На минуту установилась тишина.
– Думаете, он мог устроить взрыв? – прервал тишину голос Балашова.
– Взрыв? Не знаю. А вот изготовить взрывное устройство для него, инженера-химика, пара пустяков.
– Где он сейчас работает?
– По-прежнему на электролизном заводе, в заводской лаборатории. Сейчас в отпуске.
– Где?
– Соседи уже неделю его не видели. После смерти жены он живет один.
– Срочно установить местонахождение!
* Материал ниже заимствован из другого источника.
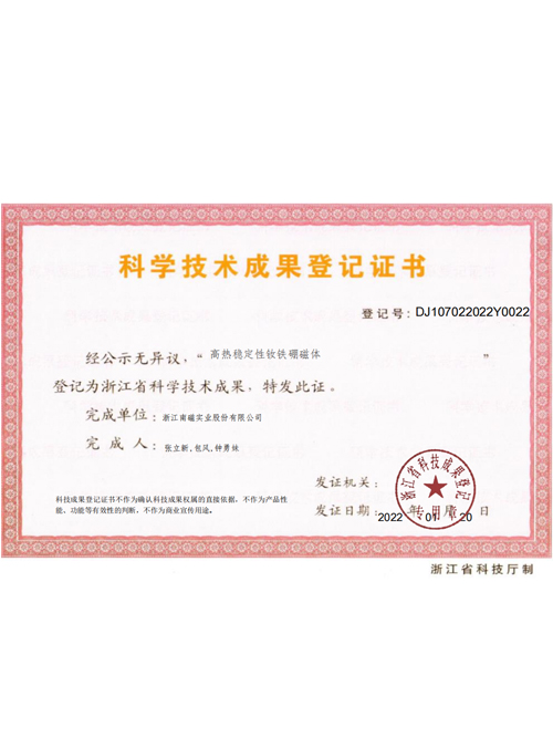 Registration Certificate of Scientific and Technological Achievements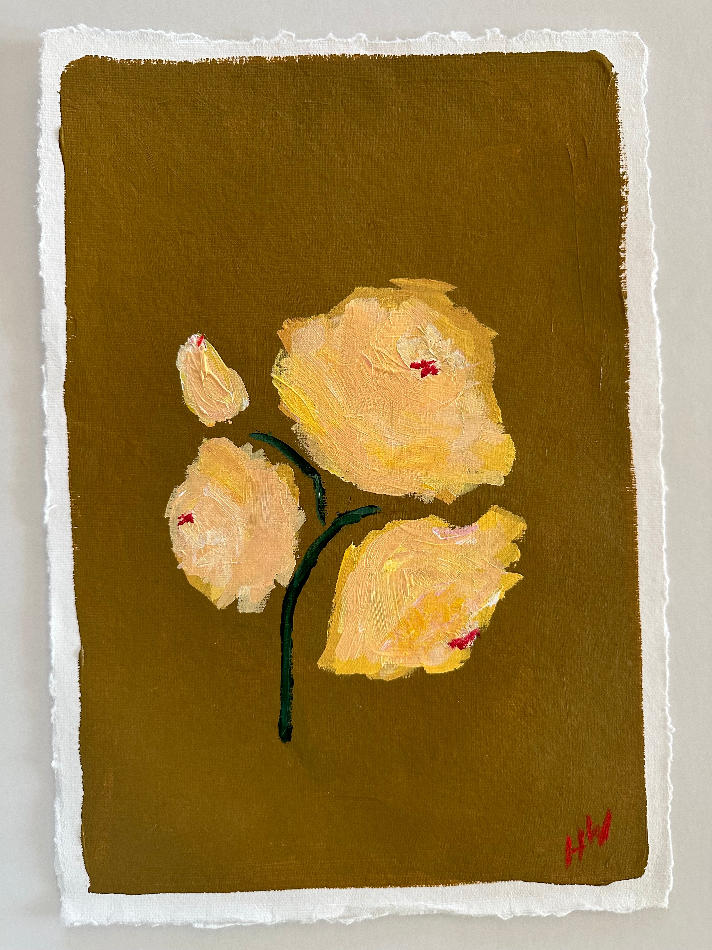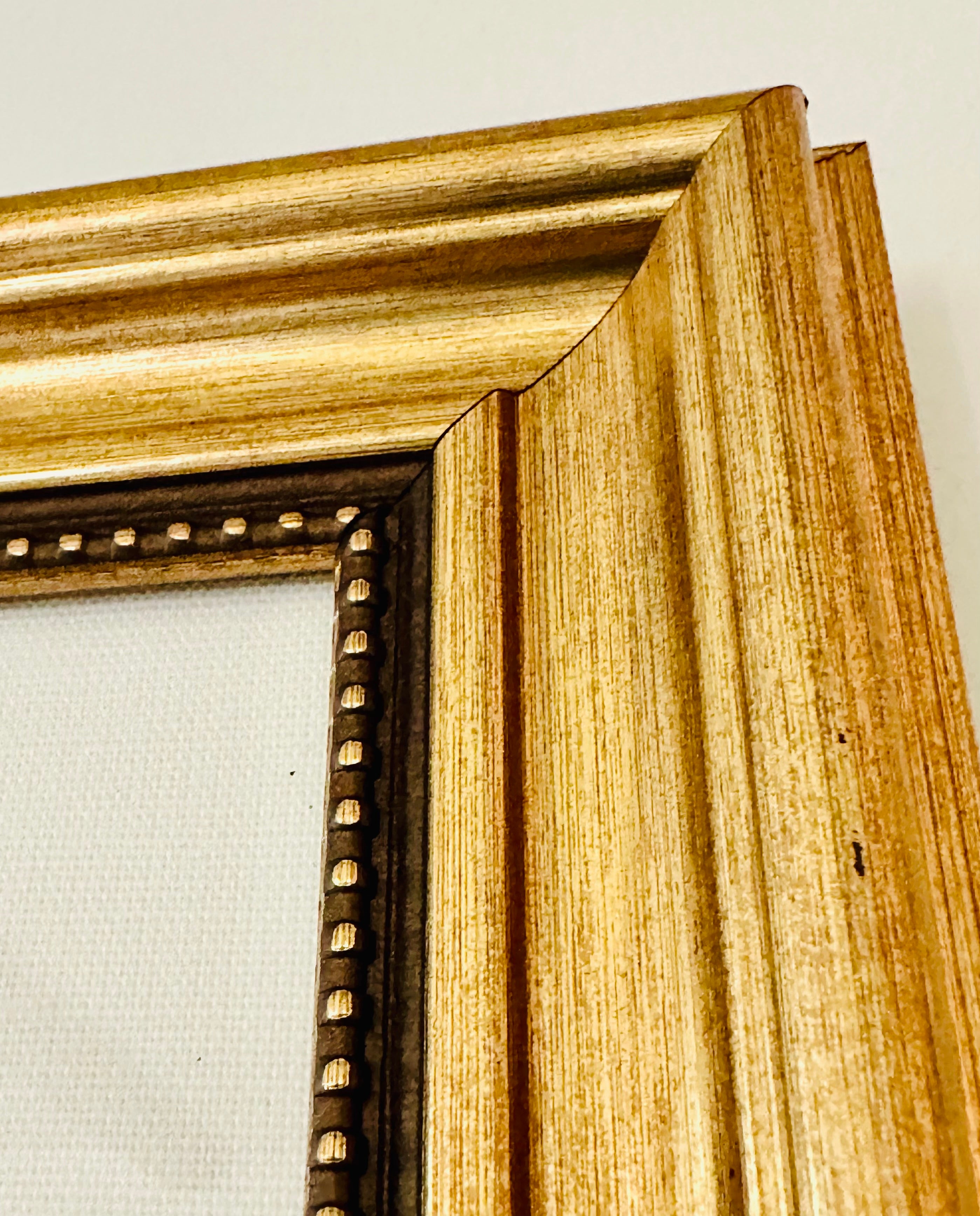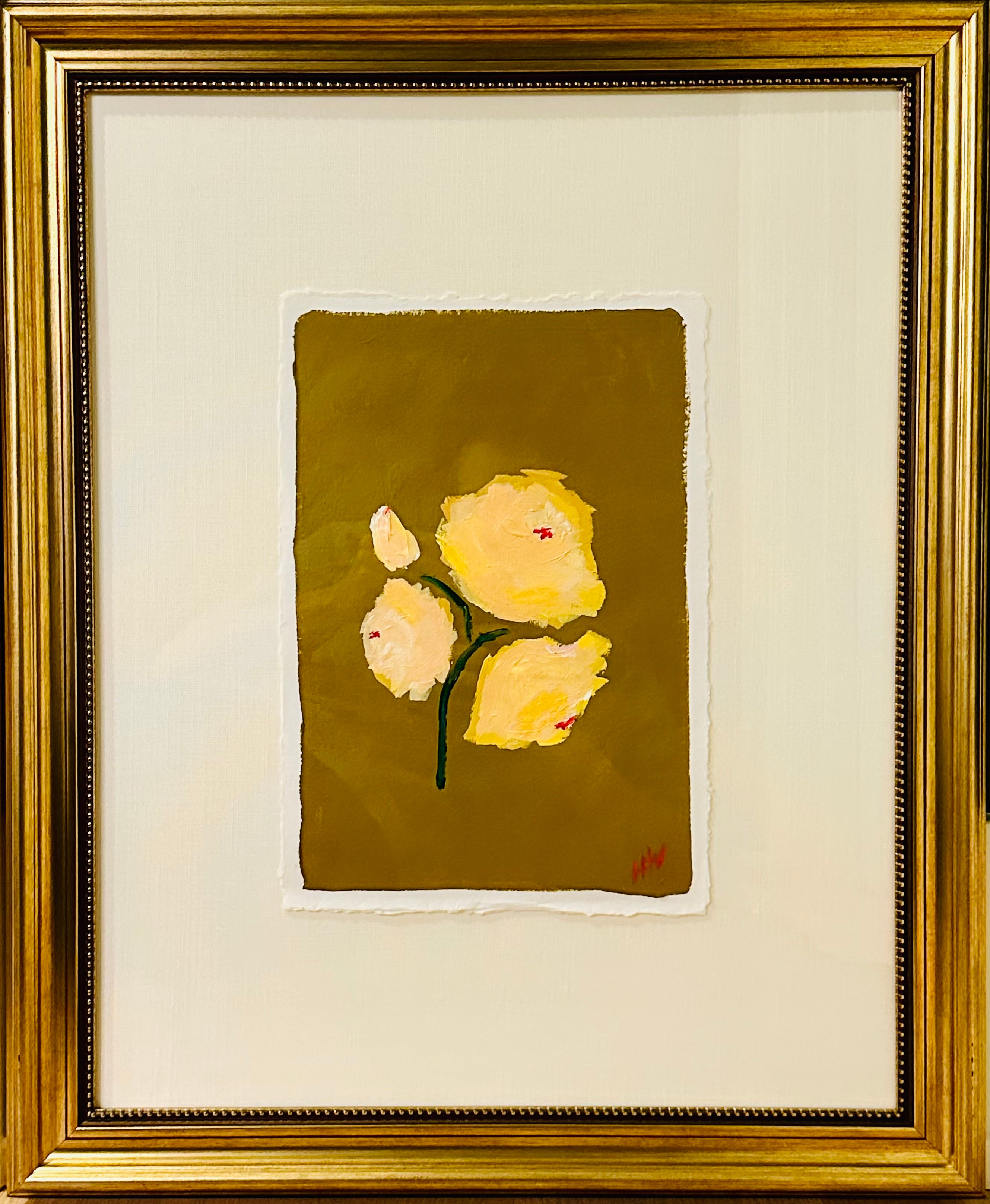acrylic on deckled edge paper, in white linen mat and gold frame

Мы же должны за ним наблюдать. Если что – нам крепко не поздоровится.
Снова замолчали. Потом Балашов, взявший ведение совещания в свои руки, сказал:
– Продолжайте… А по части душевнобольных как дела?
Кузьменко, среднего роста, плечистый, со стрижкой «под ежик», не удержался и усмехнулся:
– Здесь тоже есть кое-что, вернее, кое-кто – знакомый всем Борисенков. Надо представлять?
– Его что, выпустили? – услышав фамилию, воскликнул Банных.
– Выпустили, полгода назад.
– Но он же шизофреник!
– Это не ко мне вопрос.
– И что Борисенков? По-прежнему льет слезы по убиенному императору?
– Его, как и Лихтнера, найти не удалось. Говорят, куда-то уехал. Насовсем. Куда-то в Подмосковье.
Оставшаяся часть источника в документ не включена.